Studio album by Mount Kimbie
- Released: 5 April 2024
- Studios: A home studio in Yucca Valley, California; An Airbnb and a studio in Tottenham, London;
- Genre: Indie rock
- Length: 36:41
- Label: Warp
- Producers: Dominic Maker; Kai Campos; Dilip Harris;

Mount Kimbie chronology
| MK 3.5: Die Cuts | City Planning (2022) | The Sunset Violent (2024) |  |

Singles from The Sunset Violent
- "Boxing" Released: 13 September 2023; "Dumb Guitar" Released: 2 November 2023; "Fishbrain" Released: 7 February 2024; "Empty and Silent" Released: 13 March 2024;

= The Sunset Violent =

The Sunset Violent is the fourth studio album by English band Mount Kimbie, released on 5 April 2024 by Warp Records. The album is Mount Kimbie's first as a quartet, and also features contributions to two tracks by King Krule. It was written and recorded in Yucca Valley, California, and finished in London. The Sunset Violent is an indie rock album, a significant departure from their prior electronic style.

== Background ==
The album is Mount Kimbie's first as a quartet, after the primary duo, Dominic Maker and Kai Campos, invited Andrea Balency-Béarn and Marc Pell to join the band. Both Balency-Béarn and Pell had toured with the band for about seven years prior. It also features contributions from King Krule, who had previously appeared on two songs from 2013's Cold Spring Fault Less Youth, one from 2017's Love What Survives, and the 2018 standalone single "Turtle Neck Man".

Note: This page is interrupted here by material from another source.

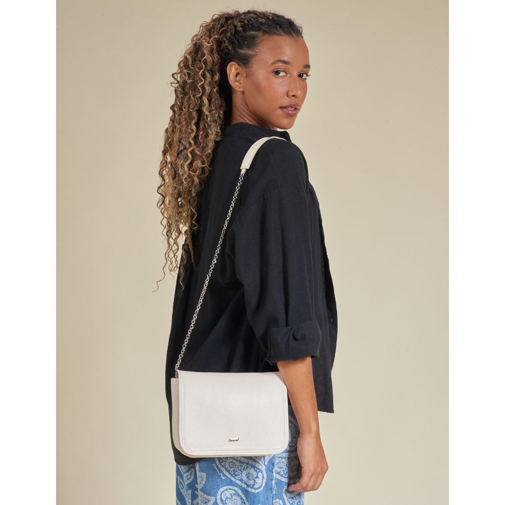 Bolsa pequena retangular e estruturada em couro floater. Possui alça de corrente com mix de banhos níquel e ouro e assinatura Via Mia em metal. Chique e versátil, é o acessório perfeito para elevar qualquer produção.
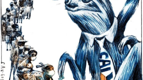 Na charge, numa fila a perder de vista, os beneficiários do auxílio emergencial se submetem ao sacrifício na busca por socorro de suas necessidades prementes, com postura, olhares e gestos de famélicos. Na ponta, a Caixa distribui migalhas pelas mãos de um bicho-preguiça, numa referência aos trabalhadores da empresa.

The Sunset Violent is the band's first studio album since Love What Survives, not counting the 2022 double album MK 3.5: Die Cuts | City Planning whose two halves were made separately by Maker and Campos. Following MK 3.5, Maker and Campos focused on solo ventures: Maker took on producing sessions with artists including SZA, Jay-Z, Arlo Parks, and Rosalía, while Campos started a residency at Rinse FM.

Though the band originated in electronic music, they were open from the beginning about their influences including non-electronic music, including Maker citing rock bands such as TV on the Radio and Yeah Yeah Yeahs. They had also previously dabbled in rock sounds, particularly with post-punk on Love What Survives.

== Release ==
On 13 September 2023, the band released the single "Boxing", featuring King Krule and originally a Bandcamp exclusive available only for a week. On 2 November, they released the single "Dumb Guitar", and announced a tour of Europe and the US in April and May, featuring George Riley, Nabihah Iqbal, and Chanel Beads.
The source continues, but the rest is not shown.